Também a tapioca se tornou popular entre os bloguers fitness e, de repente, passámos a encontrá-la em todo o lado; principalmente entre os lanches #saudáveis no Instagram. "A tapioca tem um indíce glicémico muito elevado, ou seja, a absorção de açúcares pelo organismo vai ser rápida. Em termos nutricionais, lanchar um crepe de tapioca é igual a comer um waffle", avança Tomás Barbosa.     


6. Frutos secos 

Os frutos secos têm inúmeros benefícios nutricionais; isto, se forem consumidos com moderação. "Uma mão cheia de nozes tem as mesmas calorias do que um bife de vaca", compara Tomás Barbosa. "As amendoas e nozes são ideais para quando vamos ficar muito tempo sem comer, durante uma viagem, por exemplo.
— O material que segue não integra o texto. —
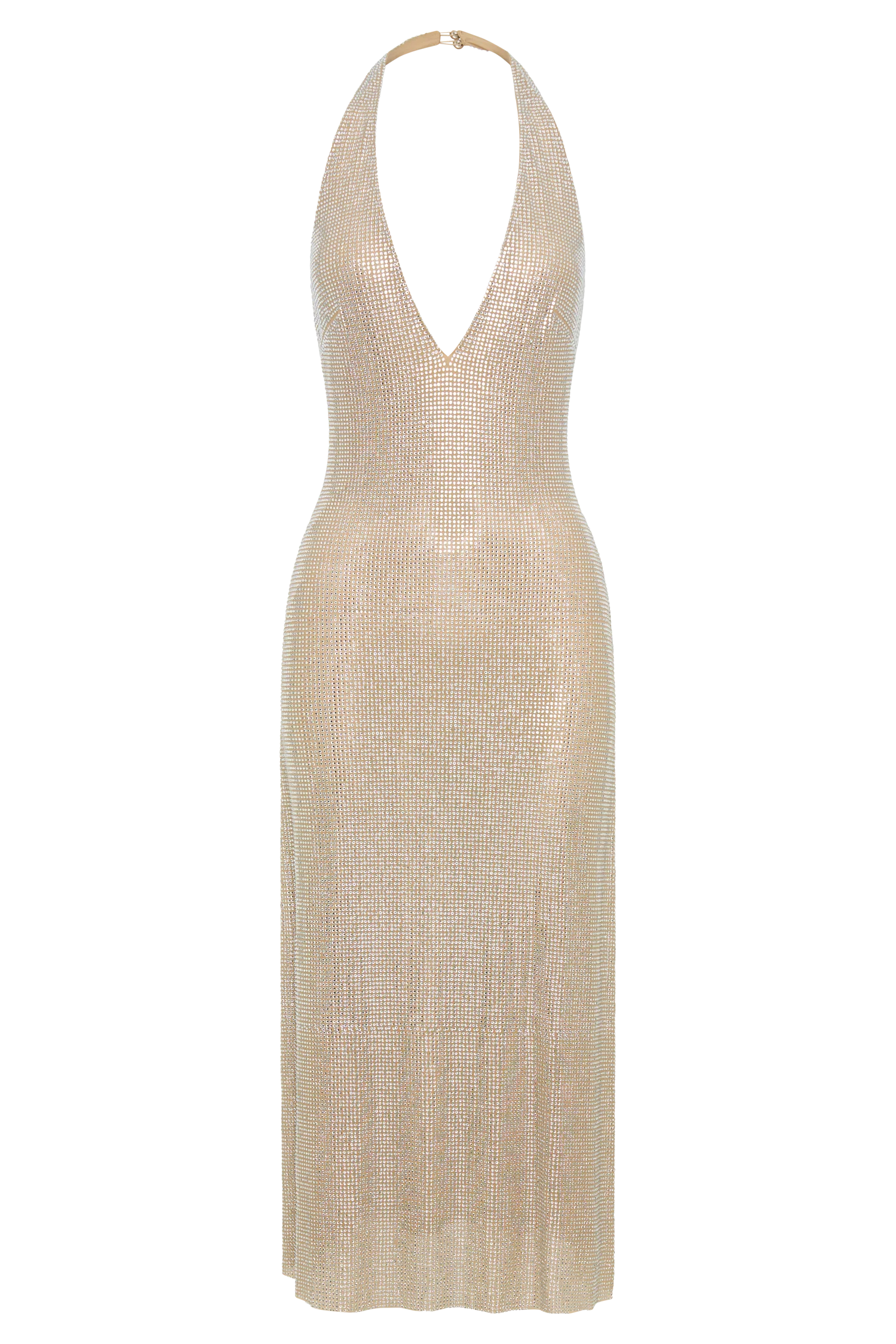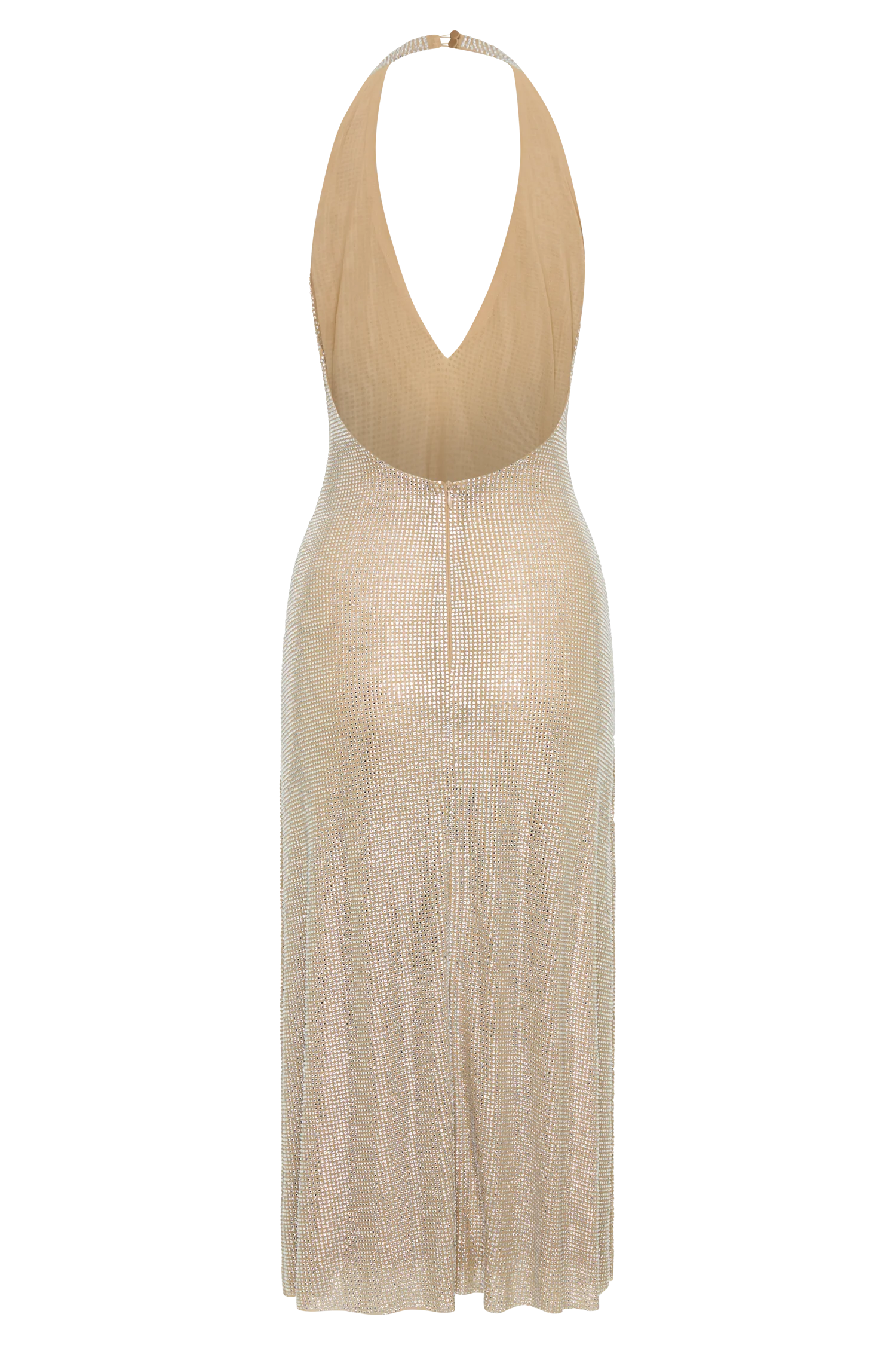 The GENIE Diamante Halter Midi Dress is a captivating blend of elegance and allure. Featuring a striking halter neckline, this dress beautifully accentuates your shoulders while the deep plunge length adds a daring touch. Designed to fit and flatter your figure, the fitted silhouette creates a stunning hourglass shape. Crafted from luxurious mesh diamante fabrication, this midi dress shimmers with every movement, ensuring all eyes are on you. Perfect for evening events or special occasions, the Genie dress is your go-to for making a memorable entrance.

Isto porque são ricos em gorduras polisaturadas (as boas, portanto) e não vão deixar que o metabolismo abrande o seu ritmo, já que vão obrigá-lo a um processo de metabolização que dura entre três a quatro horas", explica. "Devemos evitar os frutos secos fritos e com sal, preferir sempre as opções cruas, ao natural, e controlar ao máximo as doses, porque têm muita gordura e calorias". 


7. Produtos light e sem adição de açúcar 

"Quando lemos numa embalagem os termos «light» e «sem adição de açúcares» devemos desconfiar. Normalmente as marcas cortam nos açúcares mas aumentam as gorduras para manter o sabor, o que acaba por ser tão ou mais prejudicial do que o produto original", diz Tomás Barbosa. O ideal será ler o rótulo com atenção para sabermos exatamente o que estamos a ingerir e em que quantidades.